Program crashes while calling snprintf API

dinodavid4 wrote on Friday, March 18, 2016:

I have a program working in baremetal. I now want to run the same program in FREERTOS.
However at certain point of time when this function (snprintf )is executed the program crashes suddenly ie it swithces to dabort.asm file.

I have no clue about whats happening ? Could any one give some pointers.


rtel wrote on Friday, March 18, 2016:

First pointer: - we need to know which port you are using (in particular, which compiler you are using for what target and where the snprintf() is coming from) before we can provide a proper answer.

Have you seen the following: in particular, do you have stack overflow checking switched on, do you have configASSERT() defined, etc.

heinbali01 wrote on Saturday, March 19, 2016:


Please tell more about your port / compiler / platform.

this function (snprintf()) is executed the program crashes suddenly

Some implementations of snprintf() use big amounts of stack. And often snprintf() can not be used from within an ISR.
As for the stack usage, you may try increase the stack and call ‘snprintf()’ again. Also make sure that the parameters are correct.
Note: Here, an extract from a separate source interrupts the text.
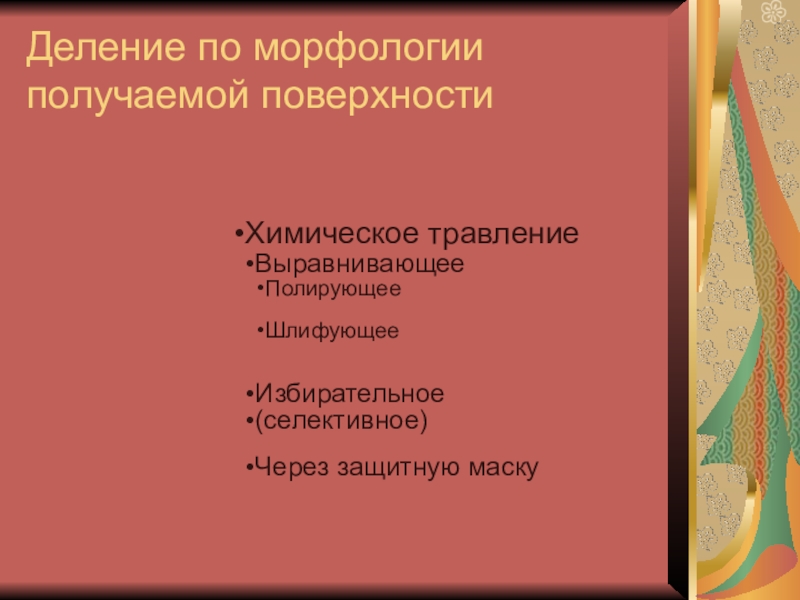 Презентация, доклад учебного проектаПрактическое применение и свойства химического травления

If not, the following implementation of [v]s[n]printf():

  • uses a small amount of stack
  • recognises a quite complete syntax format
  • does not implement floating point formats (%f %g)

I attached the latest 160112 version as a separate file. Just link printf-stdarg.c in your project to test it. The complete sources can be found at Labs download

dinodavid4 wrote on Saturday, March 19, 2016:


I am using TI’s Hercules(TMS570LS3137) development board. My programming environment is CCS (Code Composer Studio). I am writing data to UART port. Therefore before writing to UART I convert integer value to strings using snprintf() function. Since I am porting my code from baremetal to FreeRTOS, the same code without creating any task was executed in the ISR. It worked.
But now I have to split the work across different tasks. So as a first step, I create 1 task and then trying to evaluate. I will verify about stack size and inform you

ammaree wrote on Sunday, March 27, 2016:

Hi Dino,

I use CCS 6.1.2 with a CC3200 and the TI SDK. The ?printf() functionality is extremely convoluted so I ended up developing my own.
the xprintf library has since grown to be quite bit itself but can be pared down significantly by excluding some esoteric functionality. Nice to have items include:

  • Full floating point support including %[e/EgG] with limited NaN support
  • Significant date and (absolute and relative/elapsed) time (ISO/POSIX) formatting built in.
  • Very powerful hexdump output with significant control over byte/short/word or llong group, separators etc exactly like debug dump style.
  • builtin IP address and MAC address formatting
  • Long and long long support for un/signed integers, in octal, hex or decimal
  • decimal digit grouping support
  • NO dynamic memory allocation, and reasonably limited stack requirements
  • Support display of values in formatted binary representation.
  • Support for pointer formatting, integrated into hexdump or independently
  • Able to selective control inclusion of the functionality required, to keep the size down
  • AND it supports output to strings, UART/console circular buffers and/or files with the provision of a single 1 line function for each…

Maybe have a look at there are also some other support functions there

Richard/Hein, welcom to add some links and/or references to it on the FrreeRTOS web site.


heinbali01 wrote on Sunday, March 27, 2016:

Hi Andre,

Thanks for that link. It looks good and very complete.
It uses the same method of declaring a small struct on stack that is carried around.

For IP-address printing I chose a somewhat downward-compatible format “%xip”. If the original sprint() is used, will appear as a hex number C0A80203ip.

What is interesting is what snprintf() does when the buffer is too small. What is the return value? Is the resulting string always nul-terminated?

ammaree wrote on Sunday, March 27, 2016:

Hi Hein,

xsnprintf() will currently simply discard any extra characters,
It is handled in line 162 vPrintChar() where all print streams go through
The nul termination will also always be done, see line 1149 in xsnprintf()
The return value is always the actual number of characters written, which will be no more than the string buffer size minus 1, or that is how I remember the theory

From all my tests no overflow happens and no memory gets corrupted.

The name length limitation is available in the xnprintf() function where the overflow will also be discarded.